Coater equipment based on applying the coat to the surface of a moving web by means of an unguided jet directed to the web surface are generally known in the art as jet nozzle applicators. In these jet nozzle applicators, the coating mix is applied to the web surface with the help of a separate jet-forming slit nozzle, whereby the equipment construction may be varied widely. The present invention concerns a jet-nozzle type applicator in which the coating mix is directed to the web surface as a narrow linear jet via a slit orifice extending over that portion of the cross-machine width of the web which is to be coated. This type of a coater is also known as a fountain coater. In the jet nozzle coater, or the fountain coater, the entire amount of required coat is transferred to the web surface. The application of the coat is performed while the surface of the web is running supported by a backing roll, and conventionally, the coat is smoothed immediately after application by means of a doctor blade adapted to the perimeter of the same backing roll. The operating parameters of the coating mix jet can be controlled by varying the slit opening width, jet angle and position of the slit orifice lips.
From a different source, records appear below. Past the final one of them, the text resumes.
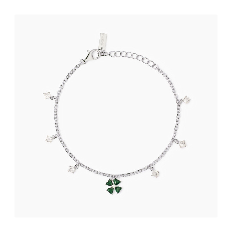 Descrizione: Bracciale in argento 925 con catena forzatina. Ciondoli zirconi e quadrifoglio con pietre taglio cuore - misura regolabile da 16 a 19 cm
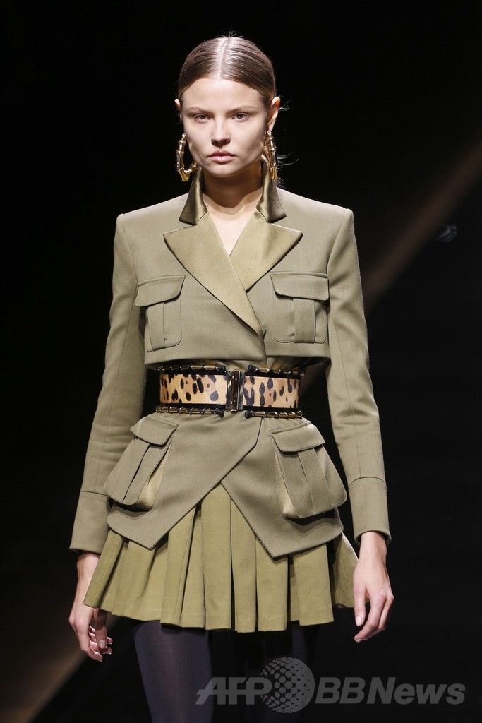 27日には「バルマン(Balmain)」が新作を発表し、ランウェイにはモデルのカーリー・クロス(Karlie Kloss)やジョアン・スモールズ(Joan Smalls)、ロージー・ハンティントン=ホワイトリー(Rosie Huntington-Whiteley)らが登場した。(c)AFP
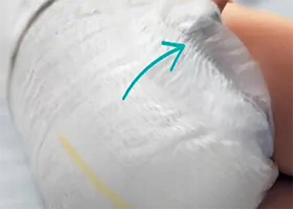 Покриття DermaComfort із абсорбуючими каналами відводить вологу та вміст підгузника від шкіри дитини, утримуючи їх усередині підгузника.
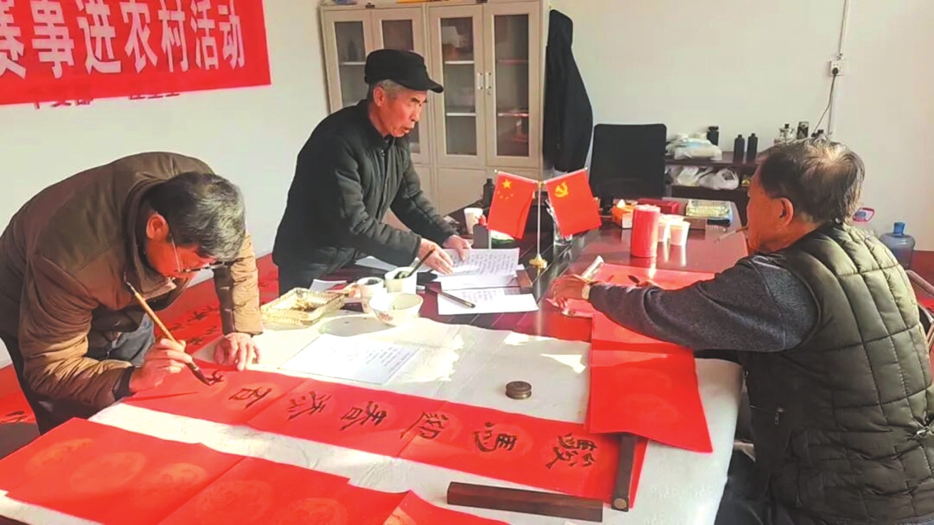 活动现场,红纸铺展、墨香四溢。村里的书法爱好者齐聚一堂,凝神聚力、挥毫泼墨。一副副笔力遒劲的对联,或描绘乡村振兴的喜人图景,或书写阖家团圆的幸福期盼,既融入“产业兴旺”“乡风文明”的村务发展愿景,又饱含辞旧迎新的美好祝愿。“小河奔涌催产业,乡村振兴惠民生”“芥菜飘香日子旺,家园和美幸福长”等贴合本村发展特色的春联,更是赢得村民们的连连称赞。
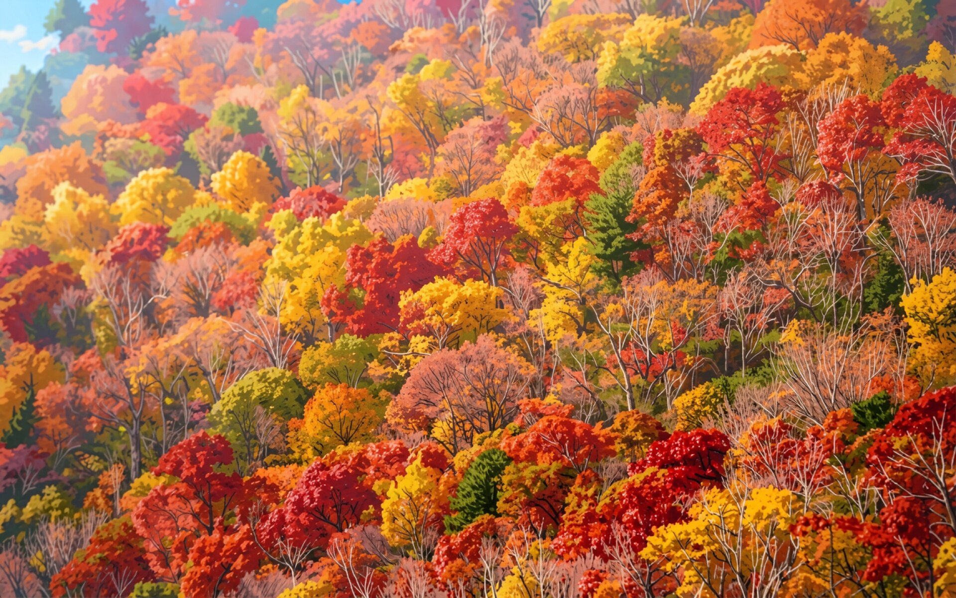 Осенний лес в теплых красных тонах

This method of coat application is characterized by a very low loading of the web and relatively modest pumping volume of the coating mix, whereby the need for linear loading of the doctor blade remains smaller than in, e.g., a roll applicator, thus improving web runnability and increasing the life of the doctor blade.
In the European patent application No. 91306138.8 is described a jet nozzle applicator in which coat application occurs in the above-described manner. The apparatus comprises a rotating backing roll and a jet nozzle having a slit orifice adapted close to a web running supported by the backing roll. The coat is applied to the web through the slit orifice and subsequently doctored to the desired coat weight with the help of a doctor blade mounted close to the backing roll. The jet nozzle assembly is mounted to be rotatable such that the nozzle tilt angle with respect to the backing roll can be adjusted. The center of rotation for tilting of the nozzle assembly is arranged to be at the nozzle orifice exit opening, whereby the clearance of the nozzle orifice from the web remains constant during the adjustment of the nozzle angle with respect to the web.
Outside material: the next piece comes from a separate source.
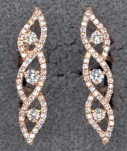 ESTATE 18KT ROSE GOLD LOVE HANGING EARRINGS. 3D PAST PRESENT FUTURE DESIGN. DIAMONDS ARE F/G COLOR, VSSI CLARITY .98 CARATS. WRITTEN APPRAISAL AVAILABLE. COMES IN A PRESENTABLE GIFT BOX.
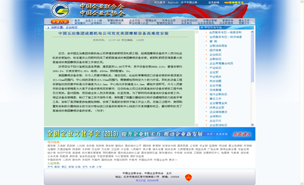中國企業聯合會報道:中國五冶集團成都機電公司攻克美國摩根設備高難度安裝

Using a sufficiently high impact velocity and large volume of the coating mix jet stream, current jet nozzle coaters can be run at web speeds as high as about 1500-1600 m/min, however, with the penalty that the high mass flow rate of coat passed on the moving web to the doctor blade may readily cause the doctor blade to vibrate. To make doctoring easier, the amount of applied coating mix should be controlled to as close as possible to the final coat weight, which is difficult to accomplish in current coaters that do not lend themselves to operate at such low coat weights. However, if the amount of applied coat is kept below 150 g/m.sup.2, doctoring can be performed at a relatively low linear loading of the blade, which means that theoretically a jet nozzle applicator should be able to manage these coat weights also at high web speeds. Herein, another problem arises at high web speeds in that the coating mix jet fails at these low coat weights to penetrate sufficiently well through the air layer travelling with the web, whereby the web tends to become marked with a large number of uncoated spots. Since the velocity of the coating mix jet stream cannot be increased above a certain limit, it is necessary to use a large amount of applied coat to cut through the air barrier. If the jet velocity is reduced with regard to the web speed, the mass flow rate of coating mix passed through the jet nozzle may be increased correspondingly; but even in this case the coat amount fed through the jet nozzle cannot be made very small. Typically, the exit velocity of the coating mix jet stream is 15-20% of the web speed, which means that a web speed of 20 m/s requires a coating mix jet stream velocity of 4-5 m/s.
In a jet nozzle applicator, the amount of coat applied to the web is in the order of 200-300 ml/m.sup.2, from which the doctor blade removes 90-95%. Herein, the nozzle orifice gap width is set to about 0.7-1 mm, sometimes even as wide as 3 mm.
The smallest amount of coating mix that can be applied is determined by the gap width of the slit orifice. Obviously, while a narrower orifice allows a thinner coating mix jet stream to be ejected, a practical difficulty appears in the manufacture of straight lips for slit orifices having gap widths of less than one millimeter extending over the entire machine width with a high dimensional accuracy. In fact, to apply exactly the desired amount of coating mix to web, the gap width of the slit orifice should be controlled to 20-100 um. As the gap width of a slit orifice this narrow cannot be measured reliably by means of mechanical gauges, very expensive measurement devices of special design would be required for gauging the gap width of the slit orifice. On the basis of the above discussion, it is easy to see that, by virtue of a facility permitting direct application of a desired coat amount to the web, the doctoring step after the application of the coat would become redundant and also other benefits could be gained.